Dr. Zoe Leinhardt and colleagues, from Bristol’s School of Physics, performed computer simulations of the early stages of planet formation around the binary stars using a model that calculates the effect of gravity and physical collisions on and between one million planetary building blocks. They discovered that the majority of these planets had to have formed much farther out from the central binary stars and then migrated to their current location.
The researchers said they improved upon previous studies that have looked at these circumbinary planets by including planetesimal disk self-gravity and an extensive collision model to accurately handle inter-planetesimal interactions.
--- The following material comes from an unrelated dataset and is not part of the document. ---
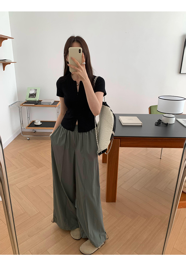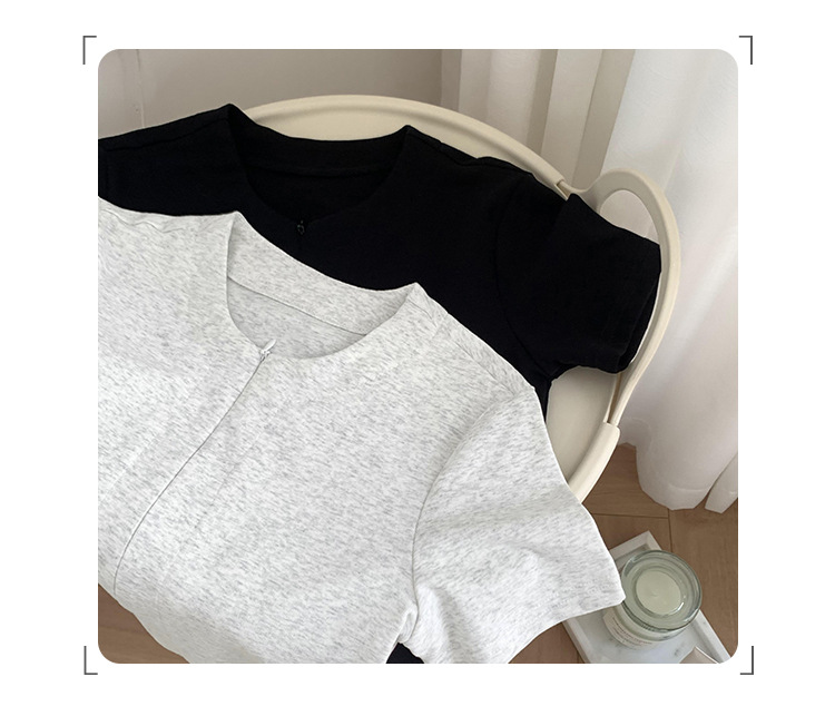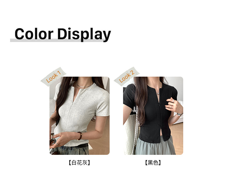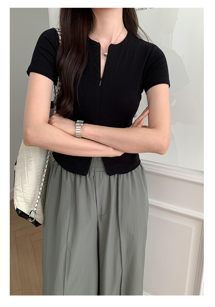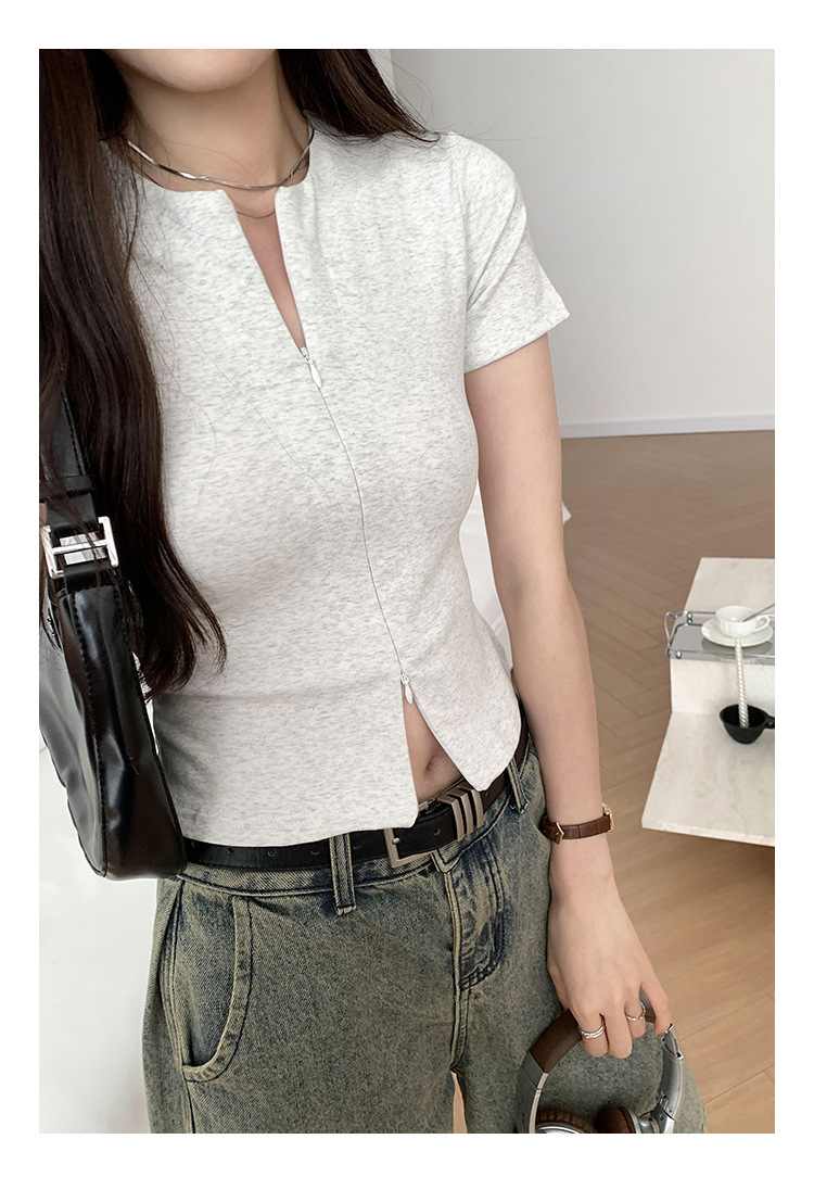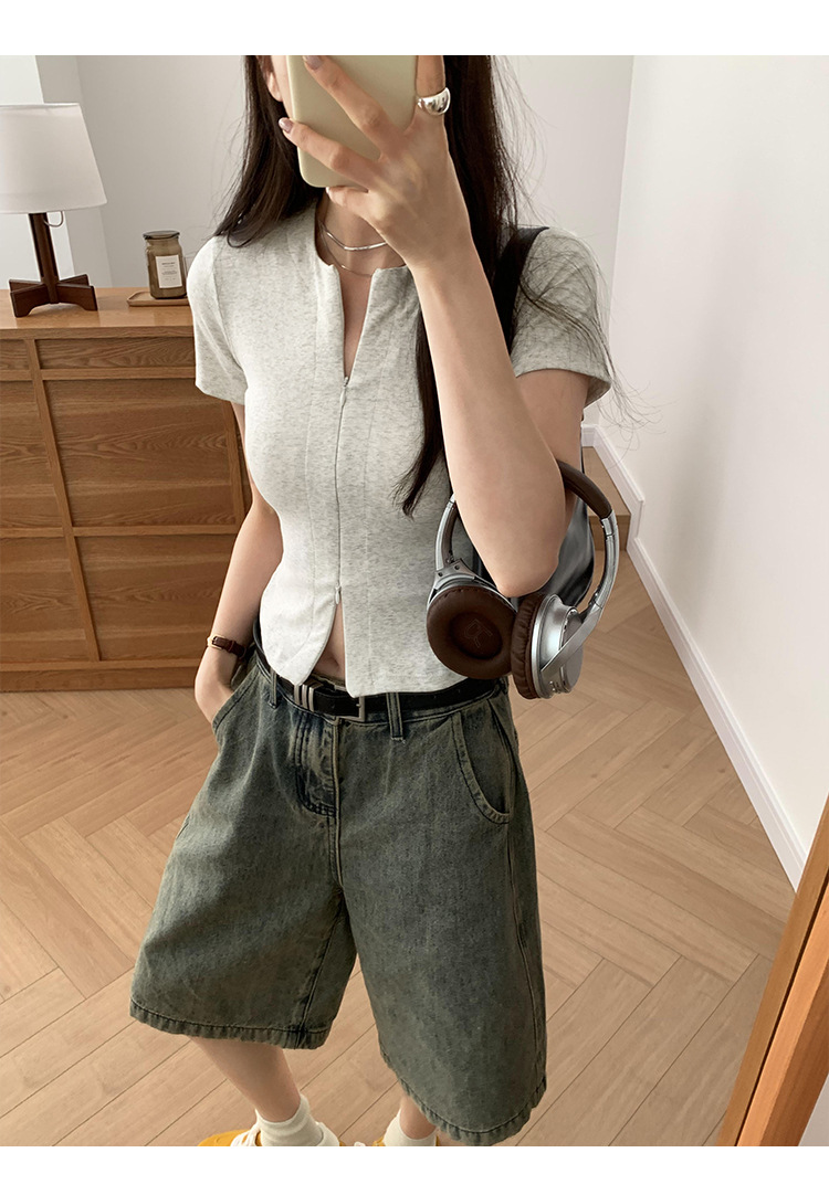 디자인 센스 더블 헤드 지퍼 프론트 숄더 반팔 티셔츠 여성의 여름 새로운 달콤하고 뜨거운 허리 슬리밍 짧은 카디건 탑스토어 가기

“Our simulations show that the circumbinary disk is a hostile environment even for large, gravitationally strong objects,” Leinhardt said in a statement. “Taking into account data on collisions as well as the physical growth rate of planets, we found that Kepler 34(AB)b would have struggled to grow where we find it now.”
The team said it is possible that Kepler-34(AB)b migrated from a region beyond 1.5 astronomical units. According to the study, all of the currently known circumbinary planets have migrated significantly from their formation locations. This means that even Tatooine had to have formed far from the binary Tatoo star system.
“Circumbinary planets have captured the imagination of many science-fiction writers and film-makers – our research shows just how remarkable such planets are. Understanding more about where they form will assist future exoplanet discovery missions in the hunt for earth-like planets in binary star systems,” Stefan Lines, lead author of the study published in the Astrophysical Journal Letters, said in a statement.